Software development is entering an era where the bottleneck isn’t writing code—it’s ensuring that code is correct. As AI tools like GitHub Copilot, Amazon CodeWhisperer, and Google’s AI assistants churn out billions of lines of code annually, enterprises face an uncomfortable truth: human review processes are drowning in volume. A San Francisco-based startup called Theorem is betting that the solution lies in automating the verification process itself, using AI to prove that AI-generated software behaves as intended.
The company, which emerged from Y Combinator’s Spring 2025 batch, has secured $6 million in seed funding led by Khosla Ventures, with participation from Y Combinator, e14, SAIF, Halcyon, and angel investors including Blake Borgesson and Arthur Breitman. Theorem’s approach combines formal verification—a mathematically rigorous method for proving software correctness—with AI-driven proof generation, slashing the time and expertise required to validate complex systems.
Why Formal Verification Matters Now
Formal verification isn’t new. For decades, it has been the gold standard for mission-critical systems like avionics, nuclear reactors, and cryptographic protocols. The catch? It’s expensive. Traditional methods demand eight lines of mathematical proof for every single line of code, requiring PhD-level engineers and years of work. Even a project like the HTTPS protocol—now securing trillions of internet connections—took 15 person-years to verify.
Theorem’s co-founder, Jason Gross, knows this firsthand. Before founding the company, he led MIT research that produced verified cryptography code for HTTPS. Today, Theorem’s AI automates the proof-writing process, transforming what once required years into weeks—or even days. The result? A system that can validate AI-generated code at scale without overwhelming human reviewers.
How It Works: AI That Proves Itself
Theorem’s technology operates on a principle called fractional proof decomposition. Instead of exhaustively testing every possible code behavior—a computationally impossible task for complex systems—the platform allocates verification efforts based on the importance of each component. This targeted approach recently uncovered a bug in Anthropic’s Claude chatbot that evaded traditional testing.
In a technical demonstration called SFBench, Theorem’s AI translated 1,276 formal proofs from one verification language (Rocq) to another (Lean) and automatically verified their equivalence. A human team would have taken roughly 2.7 person-years to complete the same work. The system also handles interdependent code—where solutions span dozens of files—something conventional AI agents struggle with due to limited context windows.
Theorem’s customers, ranging from AI research labs to GPU-accelerated computing firms, are already seeing results. One client brought a 1,500-page specification and a legacy system riddled with memory leaks and crashes. Their goal: boost performance from 10 Mbps to 1 Gbps—a 100x improvement—without introducing new errors. Theorem generated 16,000 lines of production-ready code, which the client deployed without manual review. The confidence came from a compact, executable specification paired with automated equivalence checks.
A Race Against AI’s Own Limitations
The stakes are high. AI is accelerating software development in sectors where reliability is non-negotiable—financial systems, medical devices, power grids, and transportation networks. Yet, as AI tools become more capable, so do the risks. Gross warns that the cost of exploiting vulnerabilities is plummeting, creating an asymmetric threat landscape. The only viable defense? Verification that scales with AI’s speed.

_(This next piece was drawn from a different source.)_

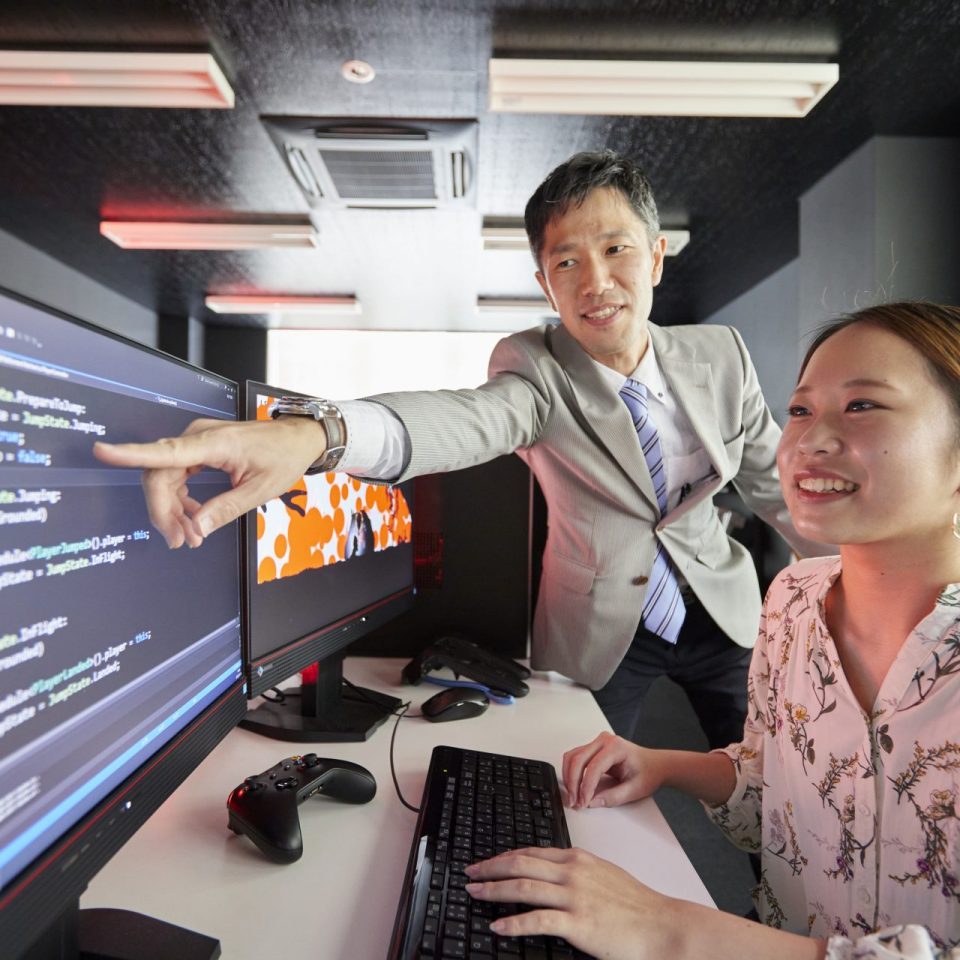 NCCではゲームの中身を作るプログラミング、外側を作るゲームグラフィックを学べる学科が両方あります!

Software security is a delicate balance, Gross notes. If we want a solution that lasts beyond the next generation of models, verification is the only path forward. He adds that regulators may soon view the absence of formal verification in critical systems as gross negligence, given that the technology is now affordable.
Theorem isn’t the only player in this space, but its focus on software oversight—rather than broader mathematical verification—sets it apart. The team, which includes Gross and co-founder Rajashree Agrawal (a machine learning research engineer), is targeting industries like robotics, renewable energy, cryptocurrency, and drug synthesis. With the new funding, the company plans to expand its team, ramp up compute resources, and push into new verticals.
The race is on. AI is writing the future of software—faster than ever before. Now, someone has to ensure it’s done right.